Department of Plant Pathology and Microbiology, National Taiwan University, Taipei, Taiwan.
Division of Forest Protection, Taiwan Forestry Research Institute, Taipei, Taiwan.
PLoS One. 2023 Jun 23;18(6):e0287699. doi: 10.1371/journal.pone.0287699. eCollection 2023.

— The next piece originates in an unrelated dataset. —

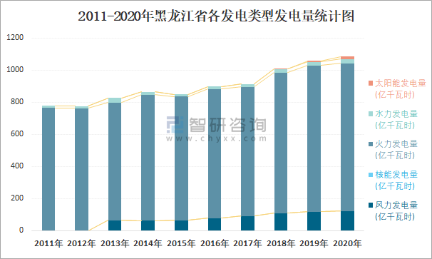 2011-2020年黑龍江省各發(fā)電類型發(fā)電量統(tǒng)計(jì)圖

Citrus Huanglongbing (HLB) is one of the most destructive diseases of citrus plants caused by the obligate and phloem-limiting bacterium Candidatus Liberibacter asiaticus (Las). Reliable detection methods are important for successful control of the disease. This study was aimed to develop a rapid and user-friendly on-site detection system for Las using the TaqMan probe-based insulated isothermal polymerase chain reaction (iiPCR) assay. The Las-specific on-site detection system could be completed within one hour by simple DNA extraction coupled with a portable POCKIT device, which can perform PCR amplification and automatically provide qualitative results derived from fluorescence signals. The sensitivity of the TaqMan probe-iiPCR assay could be as low as single copy of Las, comparable to a real-time PCR method. Further testing of the field citrus samples showed 100% agreement between the TaqMan probe-iiPCR assay and the real-time PCR method, and the on-site detection system also demonstrated a great performance of Las detection. With high specificity and sensitivity, the on-site detection system developed in this study becomes a simple, rapid and powerful tool for detecting Las in fields.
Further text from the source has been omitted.